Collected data
==============================
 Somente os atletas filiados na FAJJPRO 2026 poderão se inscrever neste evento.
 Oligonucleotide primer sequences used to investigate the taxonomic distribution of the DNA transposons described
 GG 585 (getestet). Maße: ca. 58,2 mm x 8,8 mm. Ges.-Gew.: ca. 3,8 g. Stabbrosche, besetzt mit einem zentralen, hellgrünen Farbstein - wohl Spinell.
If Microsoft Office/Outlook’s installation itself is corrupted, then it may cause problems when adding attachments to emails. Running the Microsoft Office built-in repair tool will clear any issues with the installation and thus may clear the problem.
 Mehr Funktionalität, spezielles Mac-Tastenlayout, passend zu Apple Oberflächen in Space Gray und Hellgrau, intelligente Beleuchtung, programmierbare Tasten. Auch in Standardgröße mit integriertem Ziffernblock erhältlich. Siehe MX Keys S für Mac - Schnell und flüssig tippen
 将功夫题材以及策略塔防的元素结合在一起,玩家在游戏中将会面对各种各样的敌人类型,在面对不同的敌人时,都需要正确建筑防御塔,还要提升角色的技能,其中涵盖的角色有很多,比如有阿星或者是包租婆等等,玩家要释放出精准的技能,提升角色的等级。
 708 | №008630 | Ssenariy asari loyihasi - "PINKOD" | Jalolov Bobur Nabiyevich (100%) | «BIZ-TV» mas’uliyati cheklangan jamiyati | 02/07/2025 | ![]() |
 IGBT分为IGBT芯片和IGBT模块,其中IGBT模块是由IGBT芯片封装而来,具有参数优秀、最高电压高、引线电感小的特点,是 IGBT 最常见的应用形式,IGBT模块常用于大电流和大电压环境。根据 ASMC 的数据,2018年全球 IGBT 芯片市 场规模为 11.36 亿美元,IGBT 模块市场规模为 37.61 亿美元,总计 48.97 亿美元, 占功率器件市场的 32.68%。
==============================
◆ **Description of the task**: Using the entries above, restate word for word every line from the one that contains "708 | №008630" through the last.

◆ **Finished task**:
 708 | №008630 | Ssenariy asari loyihasi - "PINKOD" | Jalolov Bobur Nabiyevich (100%) | «BIZ-TV» mas’uliyati cheklangan jamiyati | 02/07/2025 | ![]() |
 IGBT分为IGBT芯片和IGBT模块,其中IGBT模块是由IGBT芯片封装而来,具有参数优秀、最高电压高、引线电感小的特点,是 IGBT 最常见的应用形式,IGBT模块常用于大电流和大电压环境。根据 ASMC 的数据,2018年全球 IGBT 芯片市 场规模为 11.36 亿美元,IGBT 模块市场规模为 37.61 亿美元,总计 48.97 亿美元, 占功率器件市场的 32.68%。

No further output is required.